January 18th – Financial Times website on the 18th, “The European Union formulates plans to reduce dependence on the dollar in the post-Trump era”. The article is summarized as follows:
As the U.S. government changes its term of office, Brussels is ready to warn that global markets are overly dependent on the dollar and challenge its dominant position as the EU seeks to reduce Europe’s vulnerability to U.S. sanctions and other financial risks.
The draft European Commission policy document seen by the Financial Times shows that the European Union is deeply disappointed with the Trump administration’s policy of emphasizing the dominance of the United States and the dollar in the global financial system.

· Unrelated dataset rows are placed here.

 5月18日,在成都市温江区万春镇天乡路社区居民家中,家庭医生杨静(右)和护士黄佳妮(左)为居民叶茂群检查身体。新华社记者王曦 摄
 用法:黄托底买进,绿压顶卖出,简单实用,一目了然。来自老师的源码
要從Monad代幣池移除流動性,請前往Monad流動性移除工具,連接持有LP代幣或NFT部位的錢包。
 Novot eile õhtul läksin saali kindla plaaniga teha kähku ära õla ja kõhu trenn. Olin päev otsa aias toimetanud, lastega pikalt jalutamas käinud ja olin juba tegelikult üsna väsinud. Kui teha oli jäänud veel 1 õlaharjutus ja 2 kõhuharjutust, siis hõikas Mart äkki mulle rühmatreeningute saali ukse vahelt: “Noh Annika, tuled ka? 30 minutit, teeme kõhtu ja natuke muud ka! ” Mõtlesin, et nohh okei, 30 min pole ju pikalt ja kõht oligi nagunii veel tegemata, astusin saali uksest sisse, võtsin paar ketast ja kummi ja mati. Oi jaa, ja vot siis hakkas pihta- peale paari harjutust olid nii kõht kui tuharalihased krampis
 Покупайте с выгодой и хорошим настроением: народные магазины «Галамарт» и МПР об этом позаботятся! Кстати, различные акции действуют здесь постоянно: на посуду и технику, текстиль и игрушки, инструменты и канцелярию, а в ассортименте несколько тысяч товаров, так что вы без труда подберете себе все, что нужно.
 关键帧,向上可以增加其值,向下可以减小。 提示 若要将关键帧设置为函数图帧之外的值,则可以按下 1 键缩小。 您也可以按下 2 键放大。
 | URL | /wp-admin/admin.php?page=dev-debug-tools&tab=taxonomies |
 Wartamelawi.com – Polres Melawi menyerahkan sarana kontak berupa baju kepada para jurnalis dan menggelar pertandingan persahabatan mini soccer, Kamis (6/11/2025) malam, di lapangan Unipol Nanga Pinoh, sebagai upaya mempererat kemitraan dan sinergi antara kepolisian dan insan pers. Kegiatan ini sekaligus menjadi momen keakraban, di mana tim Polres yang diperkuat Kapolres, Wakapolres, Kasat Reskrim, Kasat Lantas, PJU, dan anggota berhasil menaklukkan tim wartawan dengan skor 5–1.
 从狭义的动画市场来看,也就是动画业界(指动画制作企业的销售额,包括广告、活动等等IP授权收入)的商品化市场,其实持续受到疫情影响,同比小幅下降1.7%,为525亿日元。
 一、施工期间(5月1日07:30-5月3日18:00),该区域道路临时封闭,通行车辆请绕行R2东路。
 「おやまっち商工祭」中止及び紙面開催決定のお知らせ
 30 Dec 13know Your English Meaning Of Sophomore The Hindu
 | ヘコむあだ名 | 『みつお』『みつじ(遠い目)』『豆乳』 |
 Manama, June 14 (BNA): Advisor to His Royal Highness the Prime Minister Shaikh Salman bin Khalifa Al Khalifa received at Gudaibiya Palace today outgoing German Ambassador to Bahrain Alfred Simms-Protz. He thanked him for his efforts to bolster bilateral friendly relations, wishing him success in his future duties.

The document emphasizes that it is difficult for the EU to maintain its independence in the face of US sanctions against Iran.
This proves the need for the EU to “protect” itself from such “illegally extraterritorial measures”.
The U.S. Iran strategy has a direct impact on Europe’s financial infrastructure, such as the SWIFT payment information system and securities depository institutions such as the European Clearing Bank and Mingxun Bank.
The document said: “The EU should take measures to protect EU operators from forcing third countries to force the financial market infrastructure located in the EU to comply with its unilateral sanctions.”
The document emphasizes that the EU is eager to further self-reliance in a range of fields, such as finance.
The EU also needs to learn from the coronavirus epidemic and find ways to make the euro play a bigger role.
The EU has long sought to expand the use of the euro, such as in commodity contracts, in order to strengthen financial and economic autonomy.
The EU believes that giving the euro a greater role in the world will “protect the EU economy from foreign exchange shocks and reduce dependence on other currencies”.